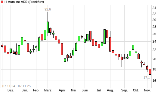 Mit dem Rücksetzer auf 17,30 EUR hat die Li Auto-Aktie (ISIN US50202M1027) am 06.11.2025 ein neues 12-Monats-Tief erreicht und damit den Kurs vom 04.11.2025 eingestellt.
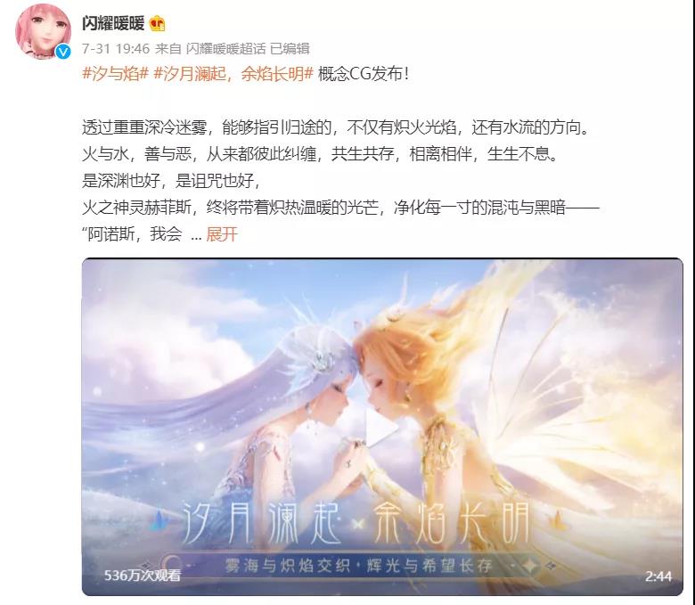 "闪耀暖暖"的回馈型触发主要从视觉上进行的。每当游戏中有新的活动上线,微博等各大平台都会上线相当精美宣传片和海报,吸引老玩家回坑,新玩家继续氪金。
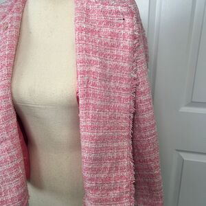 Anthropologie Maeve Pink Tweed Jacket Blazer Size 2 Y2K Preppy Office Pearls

**WHAT YOU ARE ASKED TO DO:** The data needs to be reproduced exactly, please, apart from its pictures.

**SOLUTION BELOW:**
 Mit dem Rücksetzer auf 17,30 EUR hat die Li Auto-Aktie (ISIN US50202M1027) am 06.11.2025 ein neues 12-Monats-Tief erreicht und damit den Kurs vom 04.11.2025 eingestellt.
 "闪耀暖暖"的回馈型触发主要从视觉上进行的。每当游戏中有新的活动上线,微博等各大平台都会上线相当精美宣传片和海报,吸引老玩家回坑,新玩家继续氪金。
 Anthropologie Maeve Pink Tweed Jacket Blazer Size 2 Y2K Preppy Office Pearls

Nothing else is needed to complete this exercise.